Unfortunately, even if you have a GPU on your virtual server, even if you get under the hood and install your GPU drivers on the Ubuntu operating system, currently Cloudron's OpenWebUI app installation won't use your GPU. So on Cloudron you're stuck with CPU+RAM.
But that is not as gloomy as it sounds... To answer your next question...
@timconsidine said in Real-world minimum server specs for OpenWebUI:
Using “out the box” with local default model.
Is there any point to the app to use with publicly hosted model ?Yes, there is a point. Your use cases for handling data privately are more limited, certainly, but there are some outstanding advantages to doing this, particularly on Cloudron.
- You're storing your data (including chats and RAG data) on a system you control.
- Although you're still sending your chats and data within them to the public model, you at least control what you can do with the storage of your chats and data.
- You can download, backup, and always access your chats, or move them to a different OpenWebUI server, even if your connection to the public model is severed.
- You can interact with multiple public and private models via a single interface, even within each chat. None of the public platforms let you talk to the others.
- E.g. OpenWebUI has some pretty cool features to let you split chat threads among different models, and let models "compete" with each other using "arena" chats. We've found this to be invaluable in our business because a lot of optimizing AI usage is about experimentation and finding the best tool for the task at hand.

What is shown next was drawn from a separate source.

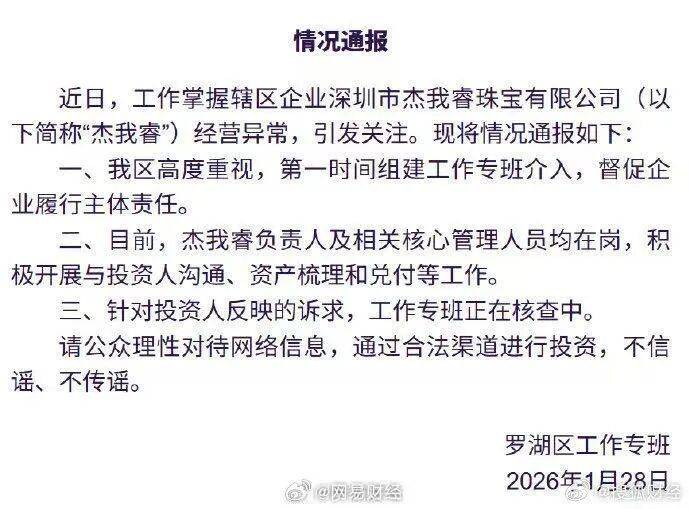 不过早在1月25日,深圳市杰我睿珠宝有限公司就发布公告称,截至2026年1月24日,公司已主动申请政府部门对全部资产进行监管,公司资产不存在被转移的可能。截至2026年1月24日,公司实际控制人及全部高管均积极开展工作,不存在外逃或逃避责任的可能。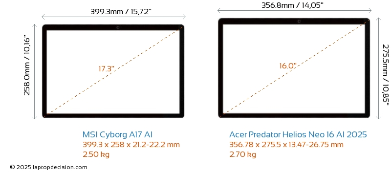 HDMIBoth Cyborg A17 AI and Predator Helios Neo 16 AI 2025 feature an HDMI port (1x HDMI 2.1) for connecting to external monitors.

- You can install and manage your own prompt libraries, system prompts, workspaces (like "GPTs" in ChatGPT), coded tools and functions (OpenWebUI has some cool integrated Python coding capabilities in this area), in a standard way across every LLM that you interact with, and without storing your code and extended data in the public cloud.
- You can brand your chat UI according to your company or client, and modify/integrate it in other ways. OpenWebUI is flexible and open source.
- You can centrally connect to other apps that you self-host for various workloads including data access and agent/workflow automation without needing to upload and manage all that stuff in public systems.
- E.g. some apps running on Cloudron that can give your AI interactions super powers include:
- N8N for workflow automation
- Nextcloud for data storage and management
- Chat and notification apps
- BI apps like Baserow and Grafana
- E.g. some apps running on Cloudron that can give your AI interactions super powers include:
- You can manage and segregate branded multi-user access to different chats and different AIs, either in a single OpenWebUI instance, or (since app management on Cloudron is so bloody easy), different instances on different URLs.
- In the future when you switch to self hosted LLMs or other integrations, there's little no migration. You just switch off the public API connectors and redirect them to your own models and tools, because you managed your data and chats and code integrations locally from the outset.
- And more. I'm sure I didn't think of everything.
By the way, plenty of these advantages are either because of or enhanced by running on Cloudron. Cloudron is great.
I haven’t tried DeepSeek locally but might be worth a shot for privacy. I wouldn’t use it otherwise.
I agree with that decision wholeheartedly. Well, unless you're talking with DeepSeek about stuff that you want the whole world to know and learn from. Then, go nuts.
- Enough disk storage for all the models you want to use.